◆ EXERCISE INSTRUCTIONS
Please set down, with no changes, every line of the material below from the one containing "وانتخب أفروخ بالإجماع،" through the end. Skip the pictures.

** Opening PROVIDED RECORDS block **

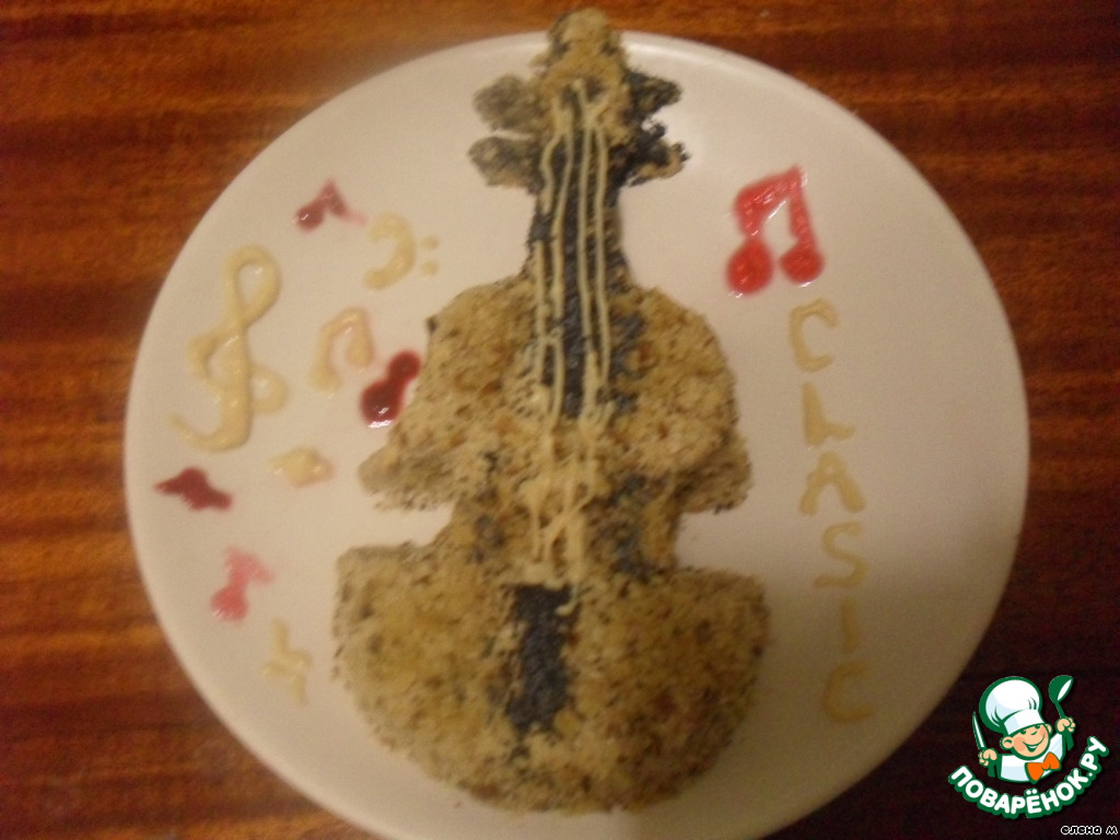 Достаём слегка застывшую массу из холодильника, выкладываем на блюдо, формируем в виде скрипки.
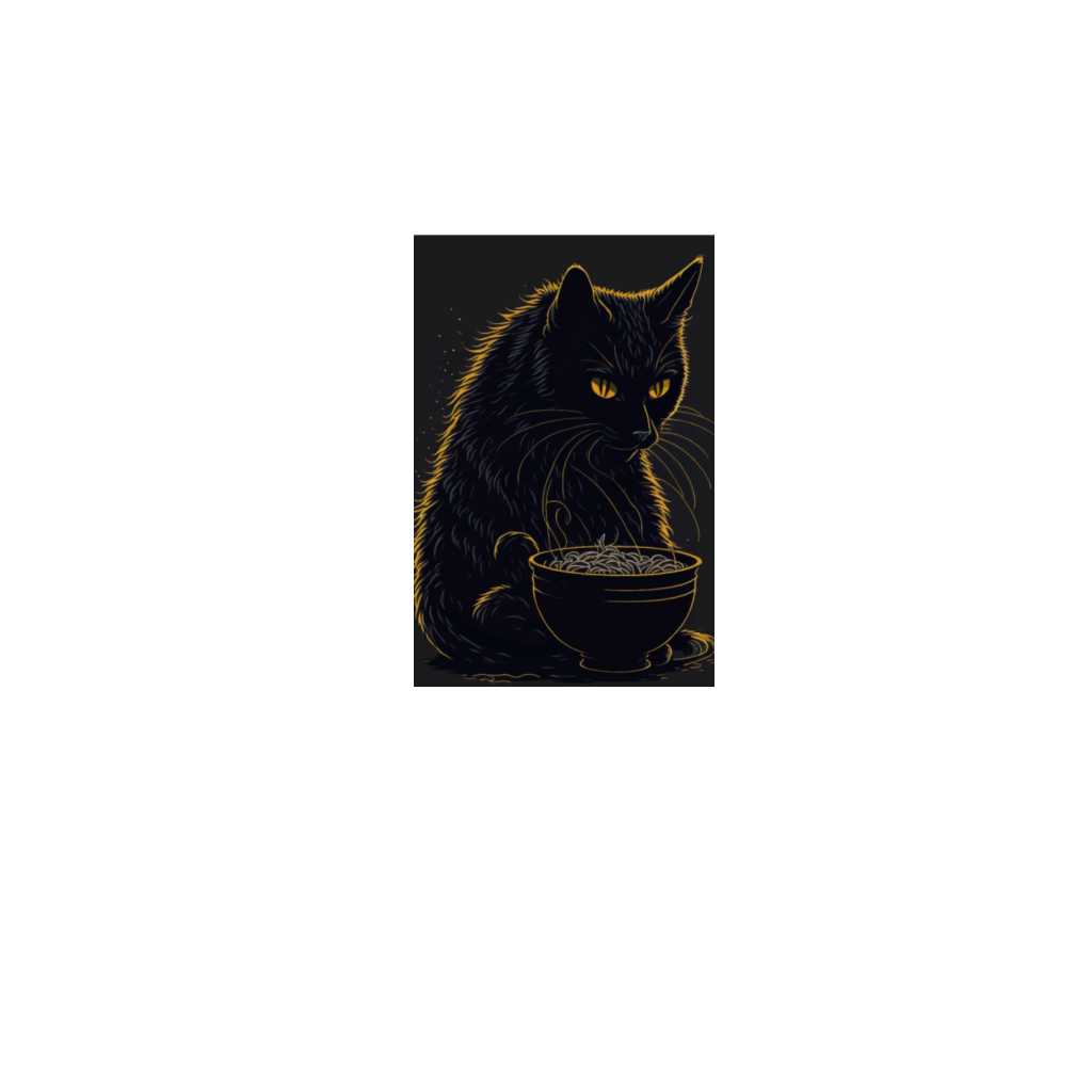 Black Cat Eating Ramen
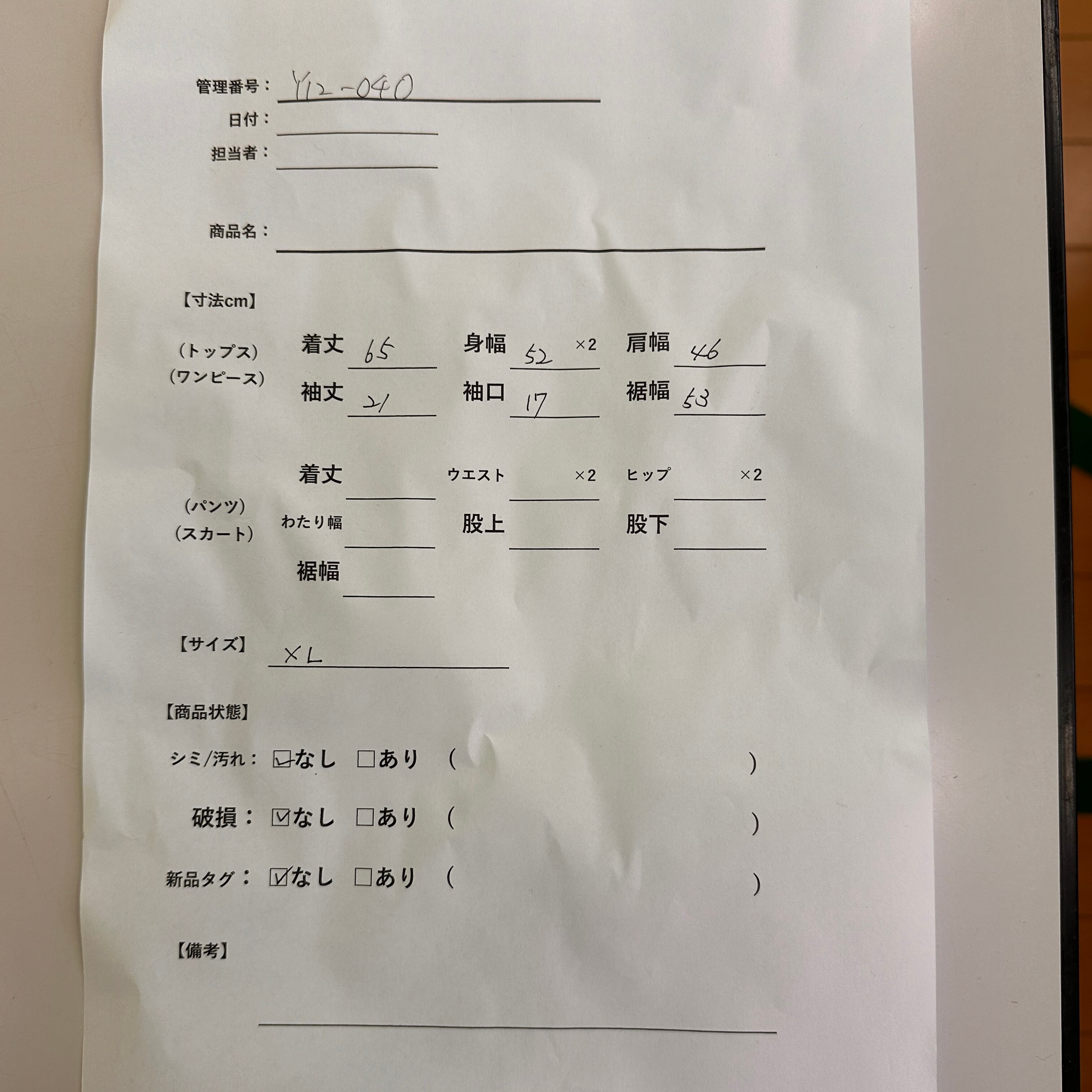 管理番号:Y12-040 #てまいらずアパレル商品一覧
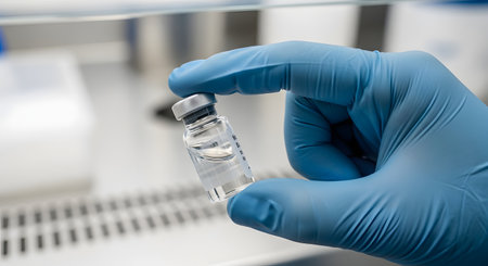 A close-up shot of a scientist's hand in a blue medical glove holding a small glass vial containing a clear liquid. The setting is a sterile laboratory environment, suggesting the development or handling of a vaccine, medicine, or scientific sample. The image represents pharmaceutical research, healthcare, and scientific discovery.
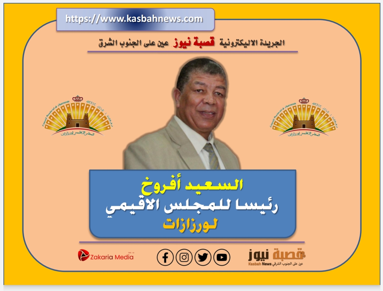 وانتخب أفروخ بالإجماع، أي على ثقة 15 عضو، الذين يتألف منهم المجلس الإقليمي لورزازات، خلال جلسة انتخابية حضرها عامل الإقليم السيد عبد الرزاق المنصوري.
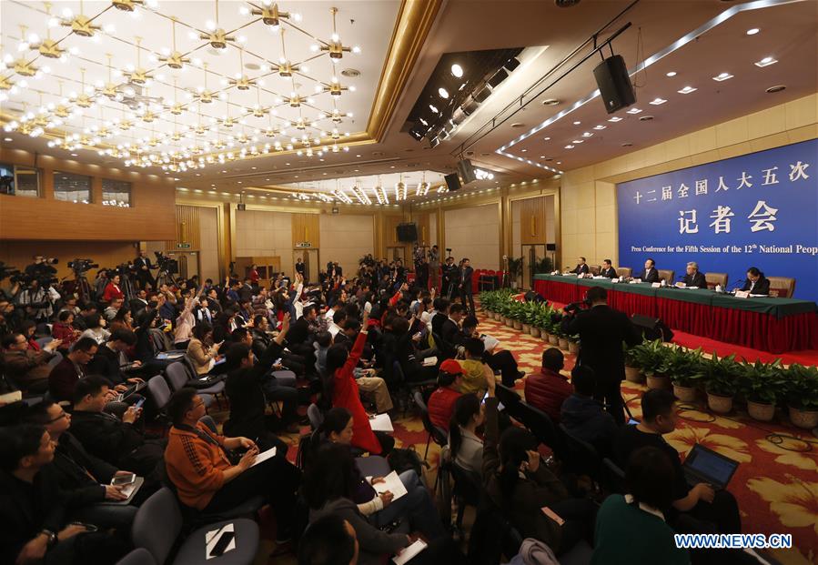 Chinese Minister of Agriculture Han Changfu and Vice Minister of Agriculture Zhang Taolin take questions on promoting agricultural structure reform on supply-side at a press conference for the fifth session of the 12th National People's Congress in Beijing, capital of China, March 7, 2017. (Xinhua/Fei Maohua)

** Closing PROVIDED RECORDS block **

◆ RESPONSE BOX
 وانتخب أفروخ بالإجماع، أي على ثقة 15 عضو، الذين يتألف منهم المجلس الإقليمي لورزازات، خلال جلسة انتخابية حضرها عامل الإقليم السيد عبد الرزاق المنصوري.
 Chinese Minister of Agriculture Han Changfu and Vice Minister of Agriculture Zhang Taolin take questions on promoting agricultural structure reform on supply-side at a press conference for the fifth session of the 12th National People's Congress in Beijing, capital of China, March 7, 2017. (Xinhua/Fei Maohua)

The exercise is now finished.